Le luci che vediamo nella volta celeste possono essere percepite in moltissimi modi,
che ovviamente si incrociano con l’esperienza e la singolarità della vita di ciascuno.
Proviamo però a seguire i filosofi nelle quattro esperienze inconciliabili che ci hanno
proposto.
Richiameremo allora alla mente le conoscenze scientifiche che abbiamo, ricordando
che immani esplosioni ci stanno avvolgendo da ogni parte, su una scala descritta dalle
formule, ma non concepibile in rapporto alle esperienze della realtà terrestre.
Seguiremo singole intuizioni e lasceremo libero il nostro sentimento, perché ciascuna
luce possa farci sentire l’azione dell’universo su di noi.
Percepiremo il buio come nulla, e la luce come un nulla luminoso, un’immane esplosione che passa e svanisce, perché tutto passa, e tutto ciò che vediamo è nel tempo, e
non dura, e non ci parla di Dio, perché Dio non passa.
Canteremo una canzone con gli amici, o da soli, sotto le stelle, come farebbe il santo,
o rideremo di chi canta sotto le stelle, come Zarathustra.

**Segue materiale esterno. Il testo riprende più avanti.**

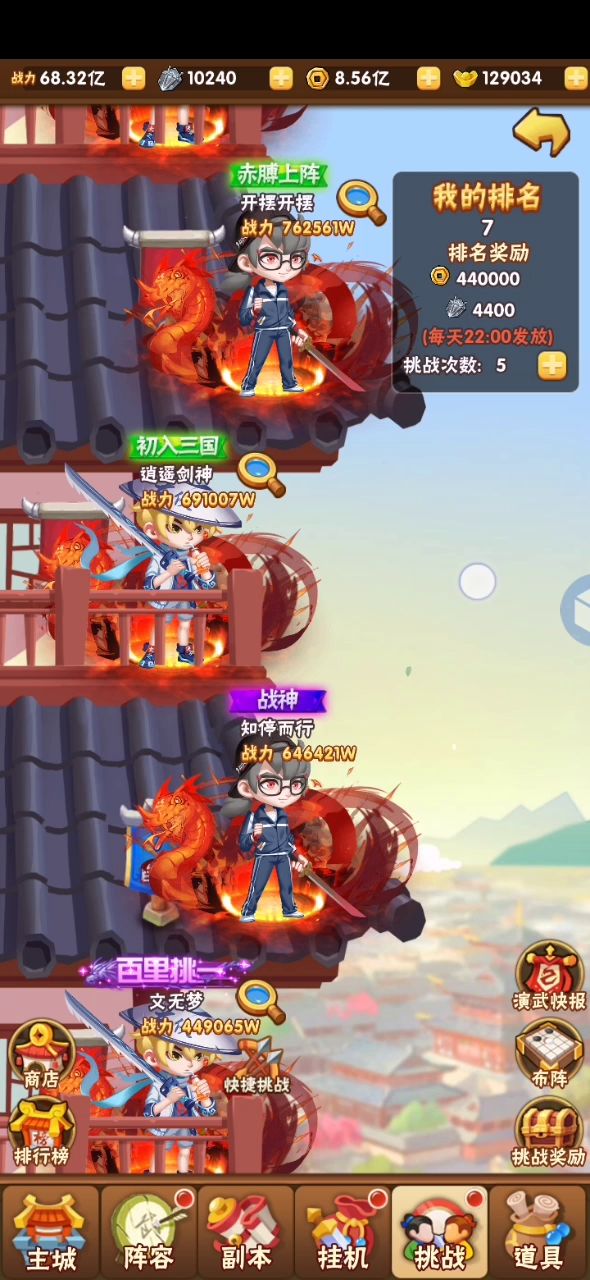 获胜原因:每个武将都有强度,快速清理掉对面弱武将然后集合打boss
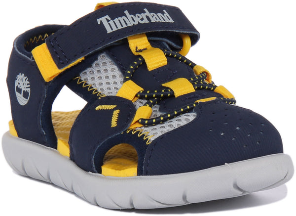 These kids’ Perkins Row Fisherman sandals from Timberland are made from synthetic leather and ReBOTL recycled fabric for less impact on the environment. It features hook and loop closure for adjustable and secure fit. Tiny feet stay supported and cushioned by the EVA footbed and outsole. Perfect sandals for kids for a day out.
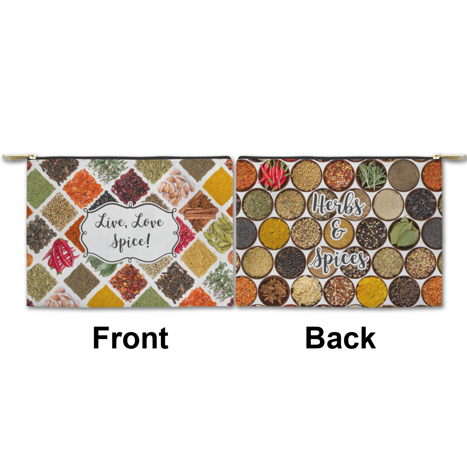 You can design both the front and the back of the pouch - same design, two complementary designs or two totally different designs - the choice is yours! We offer many different personalization styles i.e. name, name & initial, monograms - so the choice to personalize is also yours.
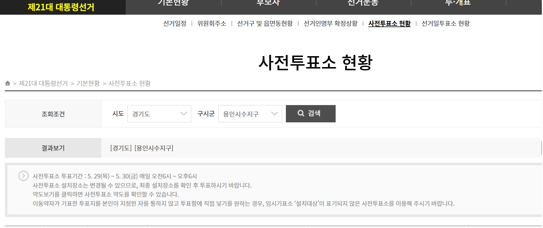 → '경기도' → '제주시'를 차례로 선택하면, 해당 지역에 설치된 모든 사전투표소가 리스트로 나옵니다.
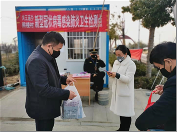 熊樓村第一時間在群眾廉租房、銀豐清水園小區(qū)和建材市場、工業(yè)園入口規(guī)范設(shè)立檢測卡點,配備專職人員24小時輪流值班,嚴防死守,嚴密排查出入車輛與人員。同時,對小區(qū)住戶挨家挨戶登記、排查是否有湖北(武漢)返鄉(xiāng)人員,并對通過大數(shù)據(jù)平臺排查出來的武漢返鄉(xiāng)人員一次次核實。
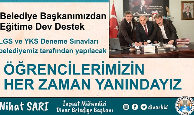 Dinar Belediye Başkanımız Nihat Sarı’nın, İlçe Kaymakamımız Kemal Duru ve İlçe Milli Eğitim Müdürü Ufuk Taşbaş ile birlikte imzaladığı protokol kapsamında belediyemiz tarafından Eğitim öğretim süresi boyunca 4 deneme sınavı ortaokul öğrencilerimize 4 deneme sınavı ise lise öğrencilerimize ücretsiz olarak yapılacak.
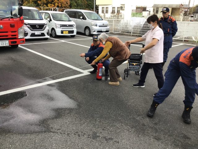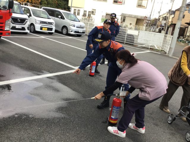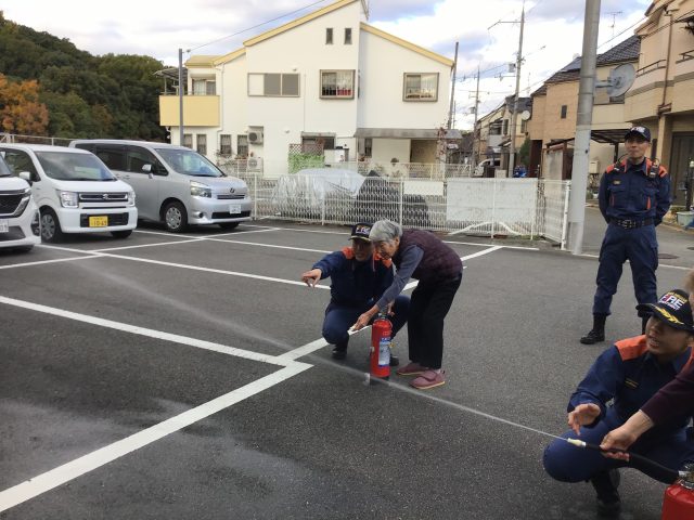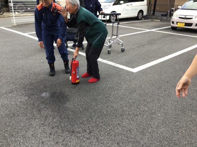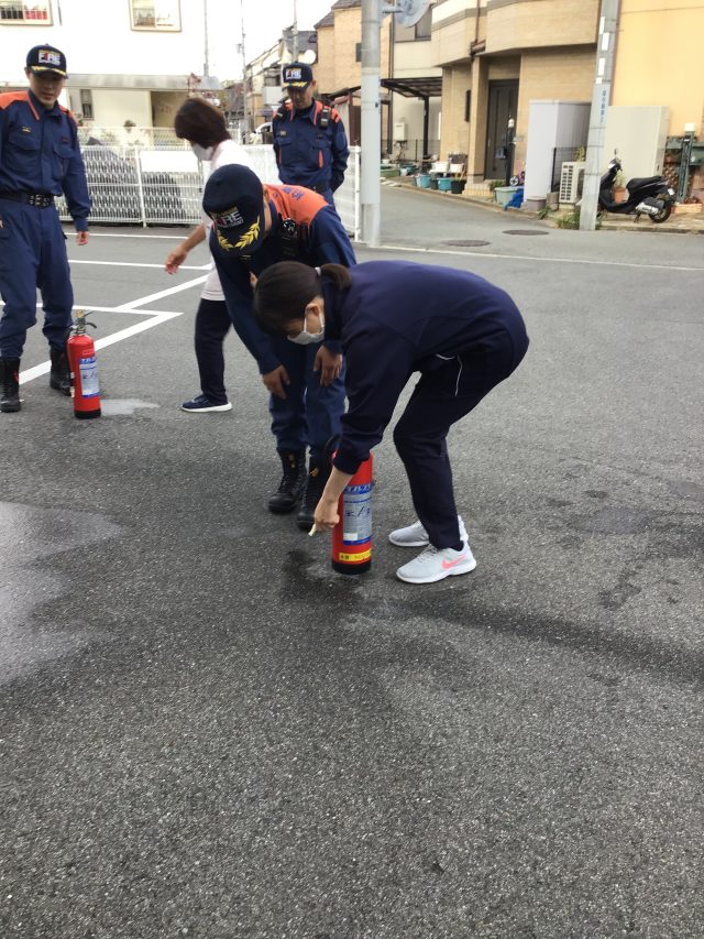 次に駐車場で消防隊の方から消火器🧯の使い方を教わりました。

1 B. Spinoza, Trattato teologico-politico, a cura di A. Droetto e E.Giancotti Boscherini, Einaudi, Torino 1972, p. 68.
2 F. D. Schleiermacher, Sulla religione, trad. it. di S. Spera, Queriniana, Brescia 1989, pp. 76-78.
3 K. Barth, L’Epistola ai Romani, trad. it. di G. Miegge, Feltrinelli, Milano 1978, pp. 88.
4 F. Nietzsche, Così parlò Zarathustra, trad. it. di S. Giametta, Rizzoli, Milano 1988, p. 28.